Чахотка не была редкостью; с ней жили, от нее страдали десятилетиями. И потому Сперанский приготовился к новому образу семейственного блага – элегическому; к новой маске семьянина – наслаждающегося своей печалью. Но часы – часы остановились!
Перепоручив жену сиделке и отправившись в Павловск (из быта – в историю, из точки покоя – в точку кипения), он никак не мог предполагать, что по возвращении найдет остылый труп любимого существа.
Жена, утратившая мужа, могла упасть в обморок, лишиться дара речи, забиться (и забыться) в рыданиях. Муж – если то был «правильный» муж екатерининских времен, должен был встретить испытание стоически и погрузиться в сдержанную скорбь. Но Сперанский только пятью годами был старше Александра I. И он не был «правильным» мужем. Он уже открыл свое сердце сентиментальной любви, срастил свою сердечную жизнь с сердечной жизнью возлюбленной подруги, однако еще не освоил роль женственно рыдающего мужчины. Он не знал, как себя вести, что делать.

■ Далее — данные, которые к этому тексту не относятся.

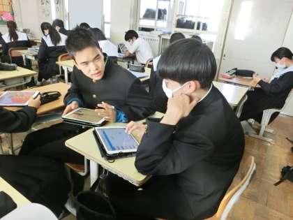 これまで学習してきた水溶液の性質の変化の様子をタブレットにまとめていきます。変化の様子やイオンの動きなど、学習の総まとめとしても取り組んでいます。仲間に聞いて思い出したり、作成したレポートで説明してみたり…。こうした活動は、知識を整理することに役立っているようです。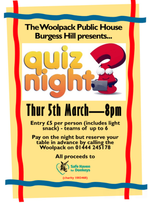 | Details | On Thursday 5th March at 8pm, Safe Haven for Donkeys (charity 1083468) will be holding another of its popular quiz nights at the Woolpack in Howard Avenue, Burgess Hill. Teams of up to 6. Pay on the night but reserve your table in advance by e-mailing wendy@safehaven4donkeys.org or by calling the Woolpack on 01444 245178. All proceeds towards Safe Haven for Donkeys’ work with donkeys in the Middle East. |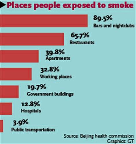 The ban will face its steepest challenge in bars and restaurants, as 90 percent of Beijing's 10 million victims of secondhand smoke are exposed at bars and nightclubs, while 66 percent are exposed at restaurants, the survey found.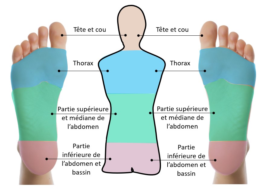 Chaque partie du corps, de la tête aux pieds, sur le devant et à l’arrière, possède une zone réflexe correspondante sur les pieds, lesquelles dessinent ainsi une carte de notre corps.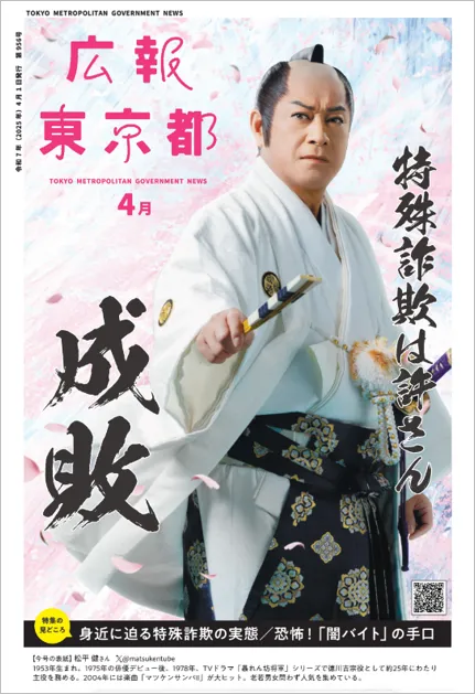 今回の特集には、俳優の松平健さんが登場し、「特殊詐欺は許さん、成敗」と呼びかけています。広く認知されている松平さんの力を借りて、多くの都民に対して注意喚起がなされることが期待されています。彼は、1978年から2003年にかけて放送されたテレビ朝日の時代劇「暴れん坊将軍」の徳川吉宗役で知られ、その後も多岐にわたって活躍しています。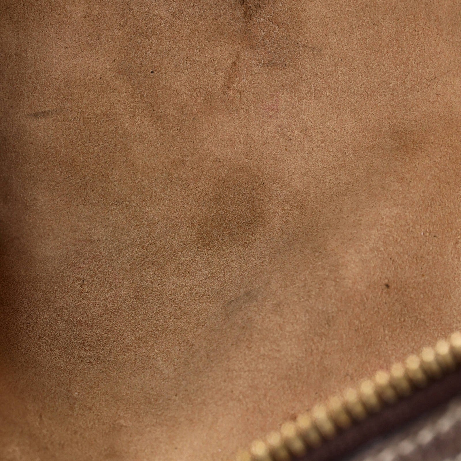 Condition: Very good. Exterior: corner wear, minor creases. Handles/Straps: splitting on belt loop trim , minor creases. Interior: scuffs, discoloration. Hardware: scratches, tarnished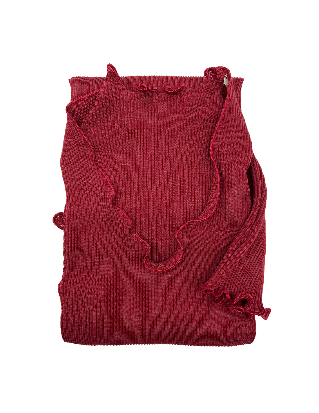 Maglia Donna a Costina in Lana e Seta Manica Lunga Plissè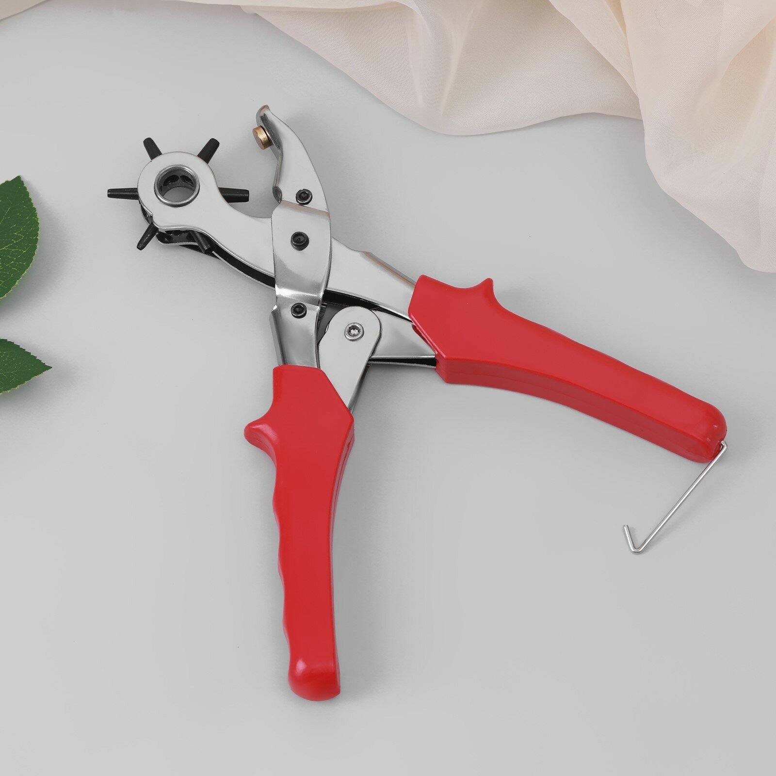 Щипцы-пробойник, с прорезиненными ручками, 25 х 9 см, цвет серебряный/красный

И потому инстинктивно избрал условно подходившую к случаю «роль» – безумца. И применил ее – не к страсти, а к страданию.
У изголовья дочери была оставлена записка, в которой новорожденная нарекалась по бабке и матери Елизаветой и содержалась просьба не разыскивать его.
Сперанский исчез.
«На следующее утро он, с всклокоченными волосами, с страшно изменившимся лицом, явился в свое жилище, приложился к телу и опять исчез. Так повторялось во все время, пока тело лежало в доме… Даже последний долг покойной… был отдан без него, и с этого времени он не возвращался более домой и не показывался ни на службе, ни у знакомых. Уже только через несколько недель его отыскали в глуши, на одном из Невских островов, совершенно углубленным в свою печаль»[285].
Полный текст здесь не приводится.